Many practicing reverse engineerings are fully aware that division operation is sometimes replaced by multiplication.
Here is an example:
#include <stdint.h>
uint32_t divide_by_9 (uint32_t a)
{
return a/9;
};
Optimizing GCC 4.8.2 does this:
divide_by_9:
mov edx, 954437177
mov eax, edx
mul DWORD PTR [esp+4]
shr edx
mov eax, edx
ret
The following code can be rewritten into C/C++:
#include <stdint.h>
uint32_t divide_by_9_v2 (uint32_t a)
{
return ((uint64_t)a * (uint64_t)954437177)) >> 33; // 954437177 = 0x38e38e39
};
And it works: you can compile it and check it. Let's see, how.
Modular arithmetic is an environment where all values are limited by some number (modulo). Many textbooks has clock as example. Let's imagine old mechanical analog clock. There hour hand points to one of number in bounds of 0..11 (zero is usually shown as 12). What hour will be if to sum up 10 hours (no matter, AM or PM) and 4 hours? 10+4 is 14 or 2 by modulo 12. Naively you can just sum up numbers and subtract modulo base (12) as long as it's possible.
Modern digital watch shows time in 24 hours format, so hour there is a variable in modulo base 24. But minutes and seconds are in modulo 60 (let's forget about leap seconds for now).
Another example is US imperial system of measurement: human height is measured in feets and inches. There are 12 inches in feet, so when you sum up some lengths, you increase feet variable each time you've got more than 12 inches.
Another example I would recall is password cracking utilities. Often, characters set is defined in such utilities. And when you set all Latin characters plus numbers, you've got 26+10=36 characters in total. If you brute-forcing a 6-characters password, you've got 6 variables, each is limited by 36. And when you increase last variable, it happens in modular arithmetic rules: if you got 36, set last variable to 0 and increase penultimate one. If it's also 36, do the same. If the very first variable is 36, then stop. Modular arithmetic may be very helpful when you write multi-threading (or distributed) password cracking utility and you need to slice all passwords space by even parts.

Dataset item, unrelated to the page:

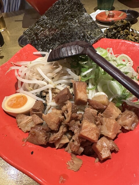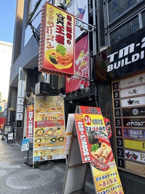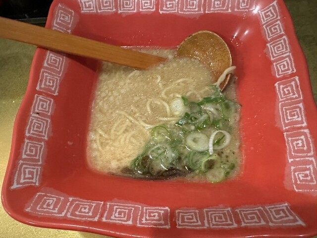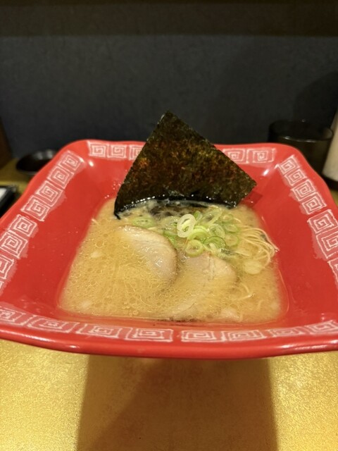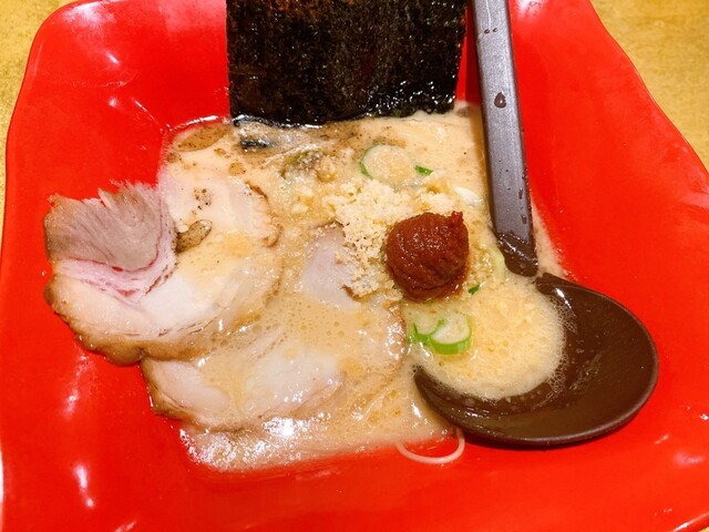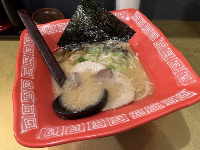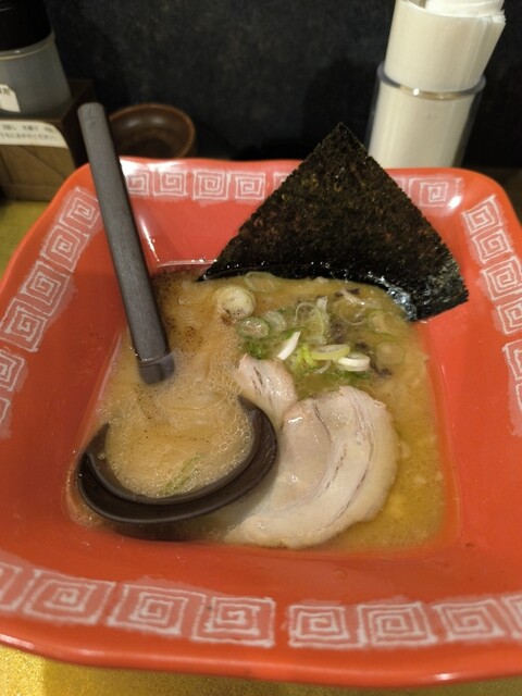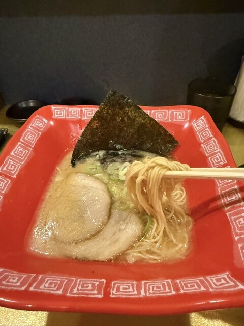 スープは背脂の浮いた王道豚骨スープで、私の少ない経験の中では、熊本というより博多系の豚骨の味わいに近いな~と。スープ自体は濃...

Now let's recall old mechanical counters which were widespread in pre-digital era:
This counter has 6 wheels, so it can count from 0 to 10^6-1 or 999999. When you have 999999 and you increase the counter, it will resetting to 000000 - this situation is usually understood by engineers and computer programmers as overflow. And if you have 000000 and you decrease it, the counter will show you 999999. This situation is often called "wrap around". See also: http://en.wikipedia.org/wiki/Integer_overflow.

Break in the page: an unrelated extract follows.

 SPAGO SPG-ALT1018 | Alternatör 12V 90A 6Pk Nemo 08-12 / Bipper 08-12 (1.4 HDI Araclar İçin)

The reason I talk about mechanical counter is that CPU registers acting in the very same way, because this is, perhaps, simplest possible and efficient way to compute using integer numbers.
This implies that almost all operations on integer values on your CPU is happens by modulo 2^32 or 2^64 depending on your CPU. For example, you can sum up 0x87654321 and 0xDEADBABA, which resulting in 0x16612FDDB. This value is too big for 32-bit register, so only 0x6612FDDB is stored, and leading 1 is dropped. If you will multiply these two numbers, the actual result it 0x75C5B266EDA5BFFA, which is also too big, so only low 32-bit part is stored into destination register: 0xEDA5BFFA. This is what happens when you multiply numbers in plain C/C++ language, but some readers may argue: when sum is too big for register, CF (carry flag) is set, and it can be used after. And there is x86 MUL instruction which in fact produces 64-bit result in 32-bit environment (in EDX:EAX registers pair). That's true, but observing just 32-bit registers, this is exactly environment of modulo with base 2^32.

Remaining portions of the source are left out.